# RNG for truncated distributions

#1

So I have a truncated normal in my model. But how do I do a posterior predictive check with such a model? I know there are two ways to force a truncated distribution in the model block, either by parameter bounds or by explicit truncation wtih the `T[a,b]` modifier. But the explicit truncation approach does not work for the `_rng` functions. So the question is: how do I draw samples from truncated distributions using `_rng` functions in the `generated quantities` block?

Or is there a simple trick to transform draws from non-truncated distribution to a truncated one, similar to the desugaring of the `T[a,b]` syntax for sampling statements shown in the docs? The best I have so far is rejection sampling which luckily is not slowing my model down a lot, but it feels hacky.

Thanks for any ideas.

#2

I would use brute force. You sample from the rng and if it violates your truncation, then you sample again until you are happy. Not nice, but should work.

#3

Yes, that’s what I am doing (maybe I should’ve clarified this is what I mean by “rejection sampling”), I just wondered whether there is a better way.

#4

If the PRNG uses the inverse CDF method of drawing randomly from a standard uniform and then transforming that by the inverse CDF of the desired distribution, then it is often relatively straightforward to draw uniformally from some subset of the [0,1] interval and transform that by the inverse CDF of the distribution in order to obtain a truncated draw.

#5

But I guess Stan does not support that right now - is it correct?

#6

There is no syntax for it in the Stan language, but you can draw from a uniform distribution and there are some inverse CDFs implemented.

#7

For concreteness, I’ll give the example I worked on this morning. I want to draw from a left-truncated Weibull to impute right-censored event times. Let’s say that I want a Weibull(alpha, sigma) truncated so that my random draws are never below some lower boundary t.

Then I should:
(1) Figure out the quantile corresponding to lower cutoff t. Let’s say it’s 0.2, or the 20th percentile. Call that p.
(2) Draw from a continuous uniform(0.2, 1). Call that draw u.
(3) Apply the inverse transform for the cdf, or “percent point” function. I did not feel like doing algebra on a Monday morning so I found mine at https://www.wolframalpha.com/input/?i=inverse+cdf+weibull. This will return a draw from the correct truncated weibull.

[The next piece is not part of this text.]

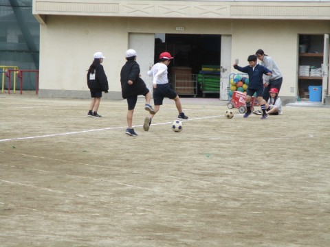 寒さに負けず,サッカーの練習をしています。しっかりボールをおいかけて!

(The unstated step 4 is to post on the Stan discourse to check my logic. So far the draws look good when I plot them, but I have not checked it much beyond that.)

For a double truncation, you would add a step to calculate the cdf at the upper truncation point and draw from a uniform(p1, p2) instead of uniform(p, 1).

``````functions {
real tweibull_rng(real alpha, real sigma, real t) {
real p;
real u;
real x;
p = weibull_cdf(t, alpha, sigma);
u = uniform_rng(p, 1);
x = sigma * (-log1m(u))^(1/alpha);
return x;
}
}

``````

Generated quantites block
#8

Thanks, that’s exactly what I need to do and with a lot of detail.

#9

This is very nice. I’m going to add this example to the manual after a bit of renaming and collapsing:

``````real weibull_lb_rng(real alpha, real sigma, real lb) {
real p = weibull_cdf(lb, alpha, sigma);  // cdf for bounds
real u = uniform_rng(p, 1);
return sigma * (-log1m(u))^(1 / alpha);  // inverse cdf for value
}
``````

Here’s the issue comment

#10

I’m working on the same problem (truncated normal in RNG block). The Weibull example makes sense, but would you be able to share your code for the truncated normal? I’d like to check my work.

#11

It’d be something like this for a normal RNG with truncation at a lower bound `lb`:

``````real normal_lb_rng(real mu, real sigma, real lb) {
real p = normal_cdf(lb, mu, sigma);  // cdf for bounds
real u = uniform_rng(p, 1);
return (sigma * inv_Phi(u)) + mu;  // inverse cdf for value
}
``````

The `inv_Phi` function gives the inverse of a Normal(0,1) cdf, and you can apply the scale parameter and location shift to get back to a Normal(`mu`, `sigma`).